My link to the database is fairly standard...
dbconn=MySQLdb.connect(host="127.0.0.1",user="*",passwd="*",db="*", cursorclass = MySQLdb.cursors.SSCursor)
Any insights/help/advice would be greatly appreciated!
UPDATE
In terms of fetching/handling the results, I've tried it a few ways. The initial query is fairly standard...
# Run Query
cursor.execute(query)
I removed all of the code within this loop just to make sure it wasn't the case bottlekneck, and it's not. I put dummy code in its place. The entire process did not speed up at all.
db_results = "test"
# Loop Results
for row in cursor:
a = 0 (this was the dummy code I put in to test)
return db_results
The query result itself is only 501 rows (large amount of columns)... took 0.029 seconds outside of Python. Taking significantly longer than that within Python.

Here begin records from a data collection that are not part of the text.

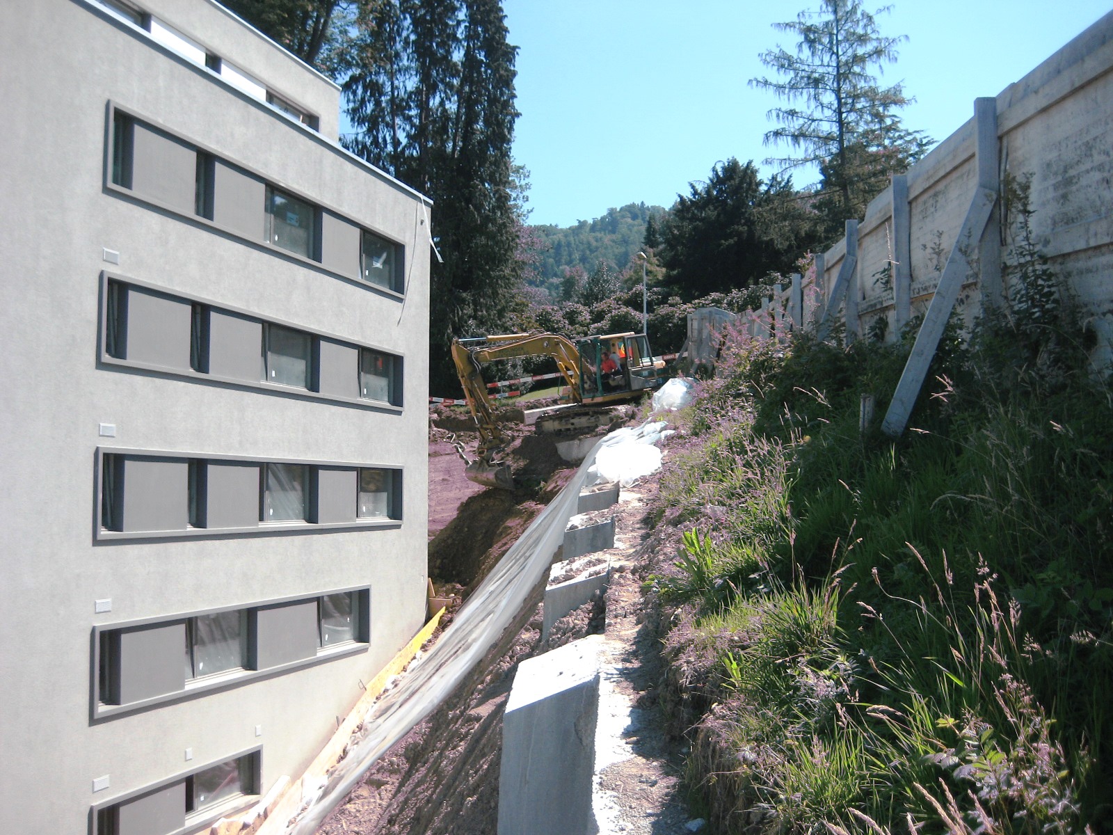Abschliessend ist die gesicherte Böschung bereit für die Begrünungsarbeiten.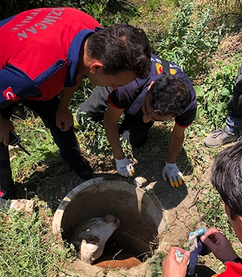 Kent merkezine bağlı Heybeli köyünde bir ineğin kanalizasyon kuyusuna düştüğünü gören vatandaşlar, 112 Acil Çağrı Merkezini arayarak yardım istedi.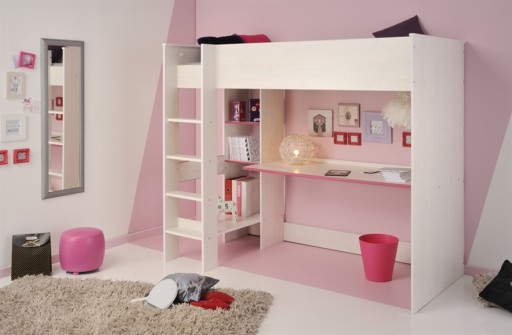 Smoozy to kolekcja, która jest nowością w ofercie francuskiego producenta Parisot. Oprócz mebli z kolekcji z możliwością osobnego zakupu oraz łóżka multifunkcyjnego znalazła się w niej również atrakcyjne łóżko piętrowe. Łóżko piętrowe jest praktycznym i funkcjonalnym połączeniem wygodnego łóżka oraz znajdującego się na dolnym poziomie biurka. Stanowi idealne uatrakcyjnienie wnętrza pokoju dziecka oraz sprawi, że spędzanie w nim czasu będzie dla dziecka przyjemnością. Dzięki zastosowaniu łóżka piętrowego w pokoju dziecka zaoszczędzimy cenną przestrzeń. Smoozy to łóżko piętrowe wykonane w modnym biało-różowym połączeniu kolorystycznym w związku z czym przeznaczone jest do pokoju dziewcząt (Posiadamy również wersję kolorystyczną biało - niebieską przeznaczoną dla chłopców). Łóżko piętrowe Smoozy jest gwarancją solidnego wykonania i zaspokojenia potrzeb i upodobań dziecka.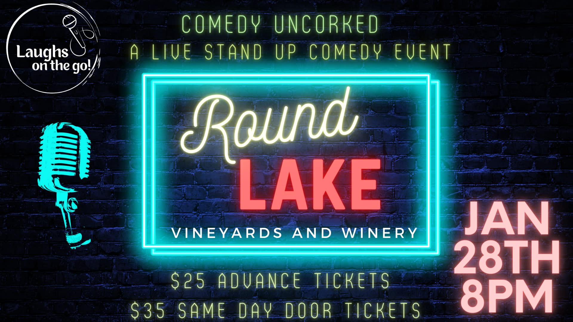Laughs on the Go! presents a unique night out featuring the finest that comedy has to offer, paired with Round Lake’s signature wines! A Live Stand Up Comedy Event! We've hand-picked some of our favorite stand-up comics from around the country to perform secret, one-night-only shows at special venues across the country! We bring the best comedians to local venues for evenings that keeps the drinks flowing, and the laughs coming. We provide the absolute funniest in comedy entertainment, with our comics having credits at top festivals, on TV, and in major national and international clubs. All you need to do is come ready to laugh. Tickets:$15.00 Advance, $20.00 Same Day/At The Door Show Starts at 8pm! Seating will be cabaret style – first come first serve, dinner reservations are encouraged prior to the show at The Bistro (no food will be served at the show – just cash bar). Doors open 1 hour prior to show start time. Arrive early to grab a drink (or two) and pick your seat!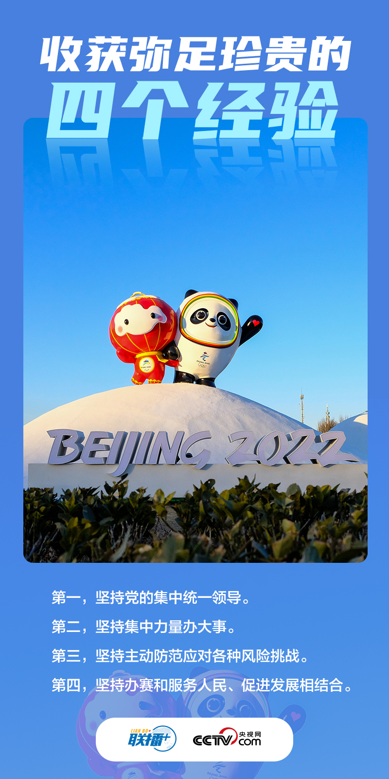 “中国人民同各国人民一道,克服各种困难挑战,再一次共创了一场载入史册的奥运盛会,再一次共享奥林匹克的荣光。”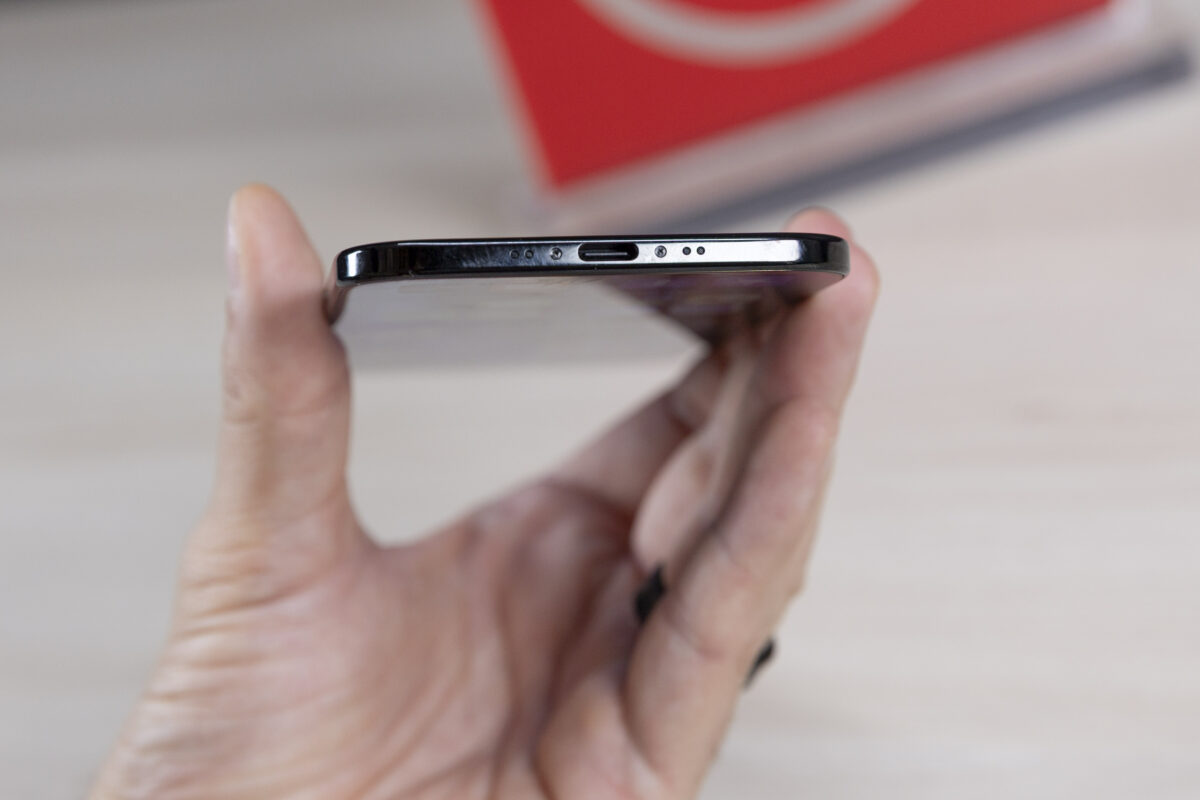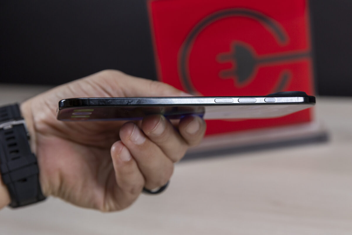 În lateral se află butonul de pornire și cel de activare rapidă a camerei foto și video, la bază dați de portul USB Type-C, iar în lateral stânga se află butonul presetat să facă trecerea între modul silențios și cel normal, dar și tastele pentru reglarea volumului. Lipsește difuzorul de la bază.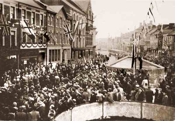On Monday the feeling of expectancy was at fever pitch and there were few who missed hearing the BBC news bulletins throughout the morning and early afternoon, hoping that Mr. Churchill would give the long awaited signal that V-E Day had come. When at last came the announcement that Mr. Churchill would speak at 3.00 p.m. on Tuesday, it is only true to say that to an extent there were signs of disappointment, but these did not take long to disappear. Soon the streets were filled with eager crowds, supplemented throughout the late evening by large reinforcements of all ages from the country districts, and it was soon evident that the restraint which had marked our expectancy would be broken. Towards nightfall the crowds were in fine form and dancing and games were the order of the night. Young people and the children too left the congested pavements and joined the amusements on the main thoroughfare from St. Mark’s Parish Church down to Bridge Street. Not least happy were the Belgian soldiers who had come into town to give vent to their joy at the defeat of the German nation and the liberation of their homeland. With the best good humour and the assistance of admires they united with the swirling masses of jubilant people and they had a merry time. Some of them had secured Belgium flags and with these they lead processions here and there, up and down.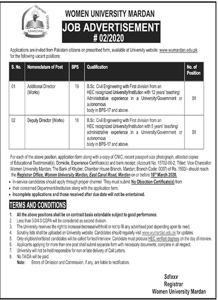 Jobs in Women University Mardan Positions Vacant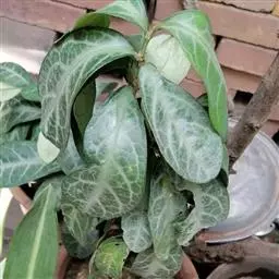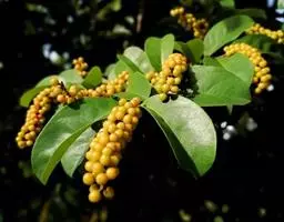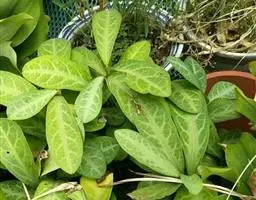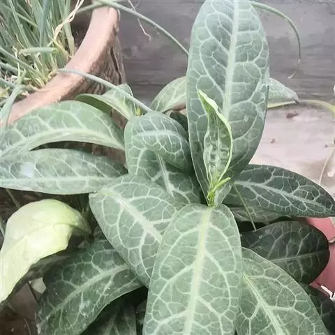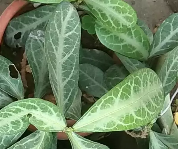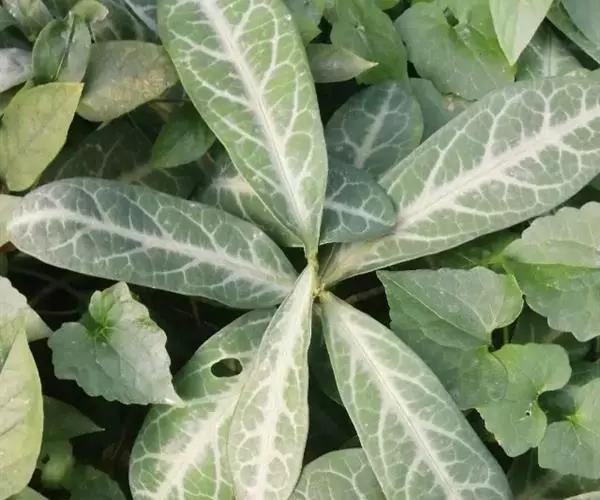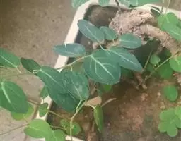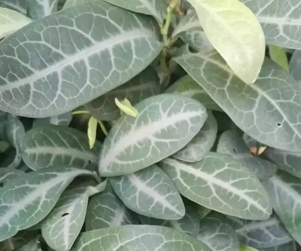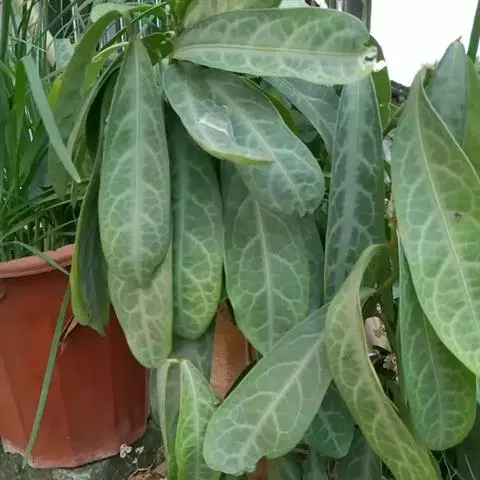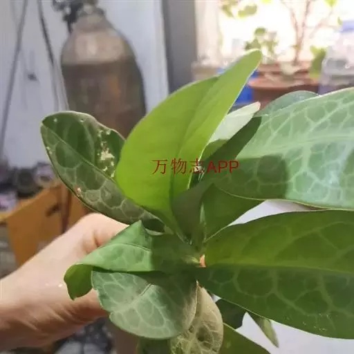 叶通常聚生于小枝上部,常向下弯垂,叶片鲜时近肉质,干后近革质或厚纸质,匙形、倒卵状长圆形或卵形,有时长圆形,长4.5-16.5厘米,宽2.5-6.3厘米,顶端浑圆或钝,有小凸尖,稀凹缺,基部楔形或钝,稀圆形,上面鲜时深绿色,叶脉处呈灰白色,干时黄白色,通常无毛,有时下面基部有腺状短柔毛,后变无毛;中脉和侧脉在鲜叶时扁平,干后中脉两面均凸起,侧脉每边6-9条,下面稍凸起;叶柄长2-5毫米,初时被腺状短柔毛,老渐无毛;托叶三角状耳形,着生于叶柄基部两侧,长4-8毫米,基部宽3-4毫米,宿存。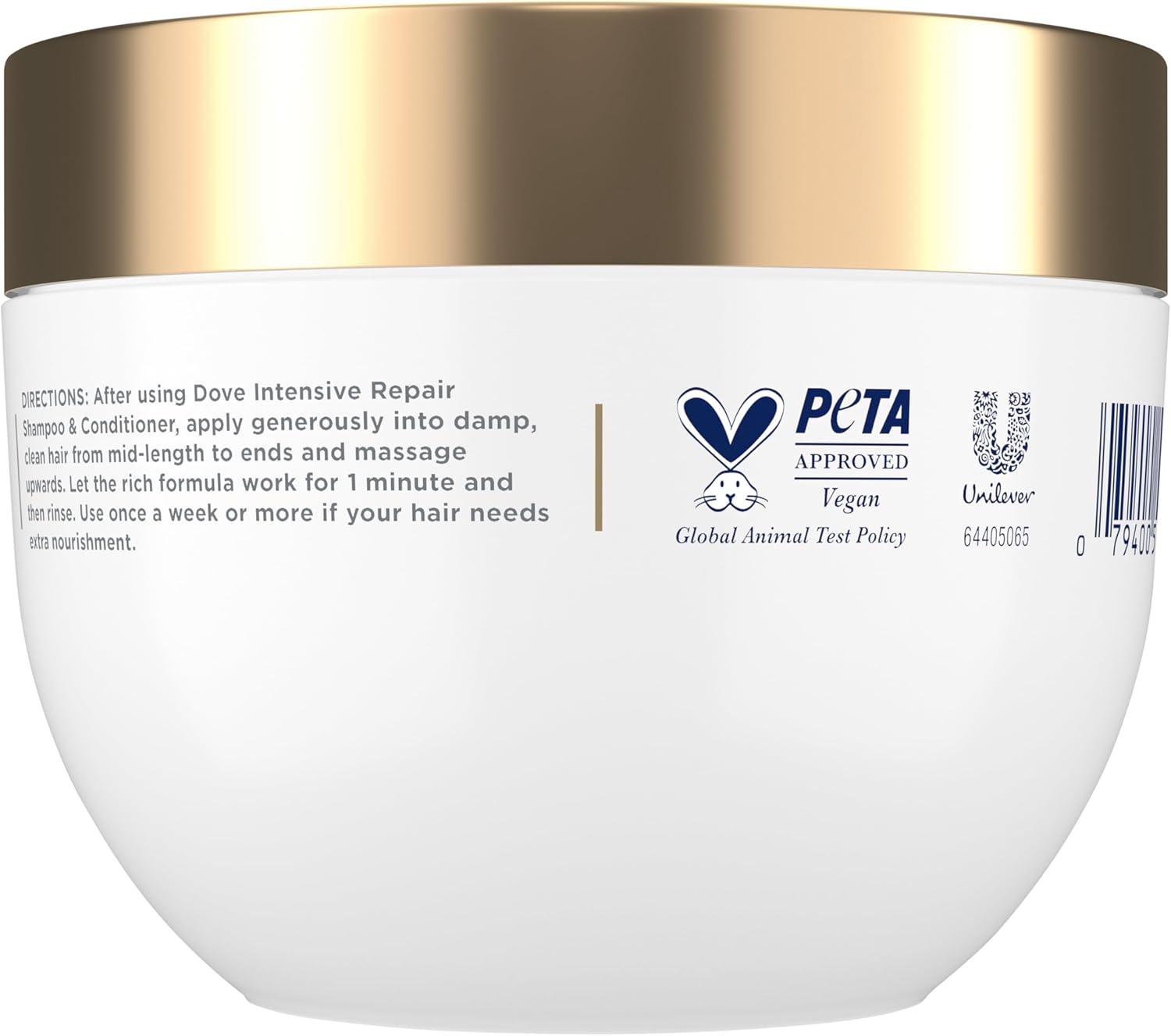 تجديد الشعر: قناع الشعر دوف Intensive Repair يتجدد مع كل استخدام – يولد الشعر من جديد من 10 علامات تلف في دقيقة واحدة من التقصف، نظام 3 خطوات مقابل الشامبو غير المرطب.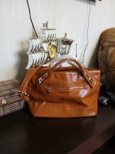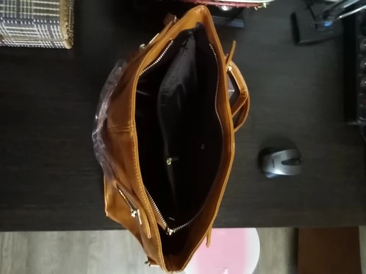 Качество отличное (для PU), швы ровные, хорошие, заломов нет. Но заклепки на ручках не внушают доверия (тяжелое в сумке носить не стоит - оторвутся). Замки работают, прошиты хорошо. Подклад синтетика (шуршит), запаха нет. Цвет желто-оранжевый. Владелица довольна. Подарков не было.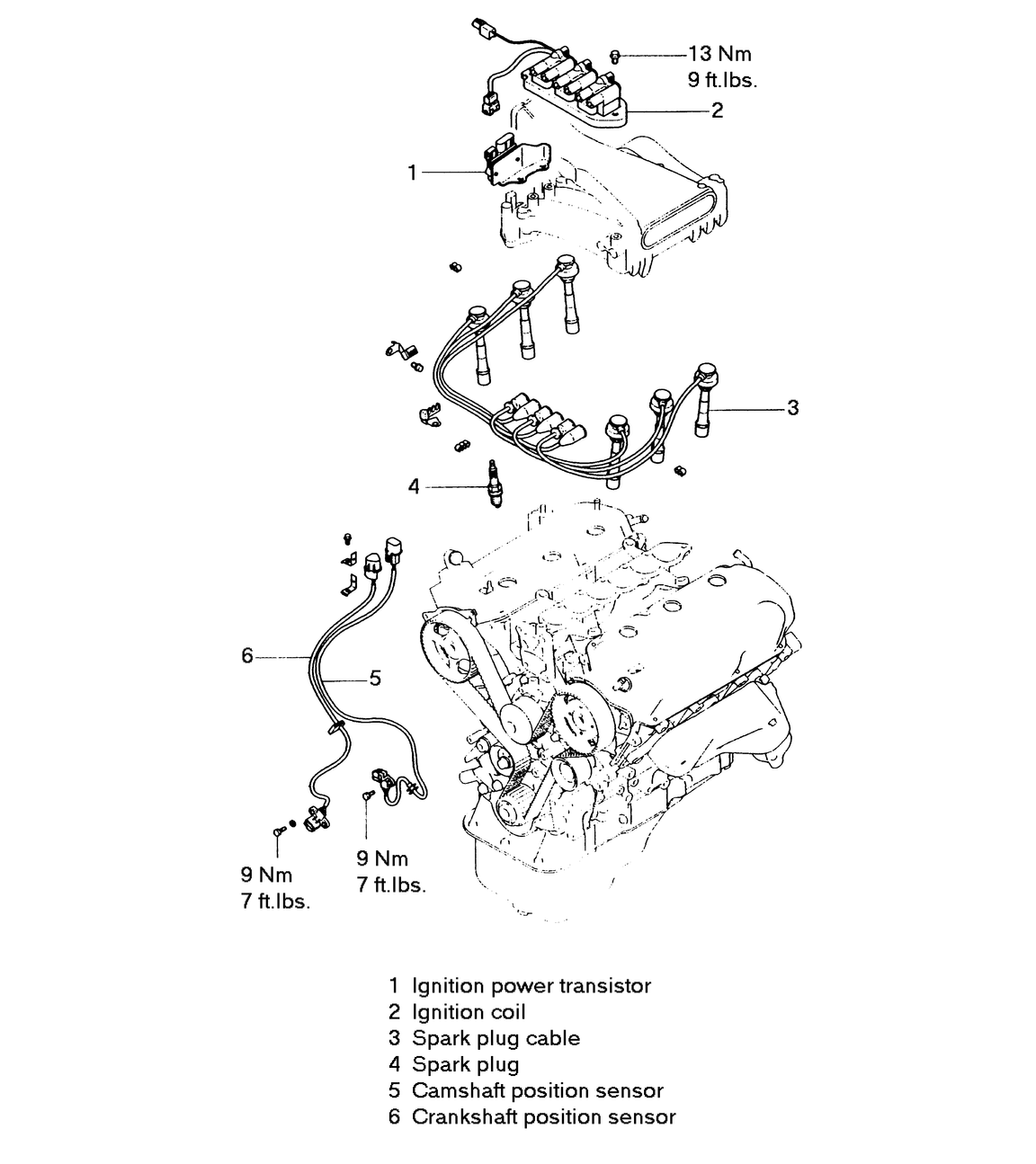 | Fig. 2: Ignition system and coil location — 3.0L (24 valve) engines |

The project is related to horse racing. The query is done within this function. The query itself is long, however, it runs well outside of Python. I commented out the code within the loop on purpose for testing... also the print(query) in hopes of figuring this out.
# Get PPs
def get_pps(race_ids):
# Comma Race List
race_list = ','.join(map(str, race_ids))
# PPs Query
query = ("SELECT raceindex.race_id, entries.entry_id, entries.prognum, runlines.line_id, runlines.track_code, runlines.race_date, runlines.race_number, runlines.horse_name, runlines.line_date, runlines.line_track, runlines.line_race, runlines.surface, runlines.distance, runlines.starters, runlines.race_grade, runlines.post_position, runlines.c1pos, runlines.c1posn, runlines.c1len, runlines.c2pos, runlines.c2posn, runlines.c2len, runlines.c3pos, runlines.c3posn, runlines.c3len, runlines.c4pos, runlines.c4posn, runlines.c4len, runlines.c5pos, runlines.c5posn, runlines.c5len, runlines.finpos, runlines.finposn, runlines.finlen, runlines.dq, runlines.dh, runlines.dqplace, runlines.beyer, runlines.weight, runlines.comment, runlines.long_comment, runlines.odds, runlines.odds_position, runlines.entries, runlines.track_variant, runlines.speed_rating, runlines.sealed_track, runlines.frac1, runlines.frac2, runlines.frac3, runlines.frac4, runlines.frac5, runlines.frac6, runlines.final_time, charts.raceshape "
"FROM hrdb_raceindex raceindex "
"INNER JOIN hrdb_runlines runlines ON runlines.race_date = raceindex.race_date AND runlines.track_code = raceindex.track_code AND runlines.race_number = raceindex.race_number "
"INNER JOIN hrdb_entries entries ON entries.race_date=runlines.race_date AND entries.track_code=runlines.track_code AND entries.race_number=runlines.race_number AND entries.horse_name=runlines.horse_name "
"LEFT JOIN hrdb_charts charts ON runlines.line_date = charts.race_date AND runlines.line_track = charts.track_code AND runlines.line_race = charts.race_number "
"WHERE raceindex.race_id IN (" + race_list + ") "
"ORDER BY runlines.line_date DESC;")
print(query)
# Run Query
cursor.execute(query)
# Query Fields
fields = [i[0] for i in cursor.description]
# PPs List
pps = []
# Loop Results
for row in cursor:
a = 0
#this_pp = {}
#for i, value in enumerate(row):
# this_pp[fields[i]] = value
#pps.append(this_pp)
return pps
One final note... I haven't considered the ideal way to handle the result. I believe one cursor allows the result to come back as a set of dictionaries. I haven't even made it to that point yet as the query and return itself is so slow.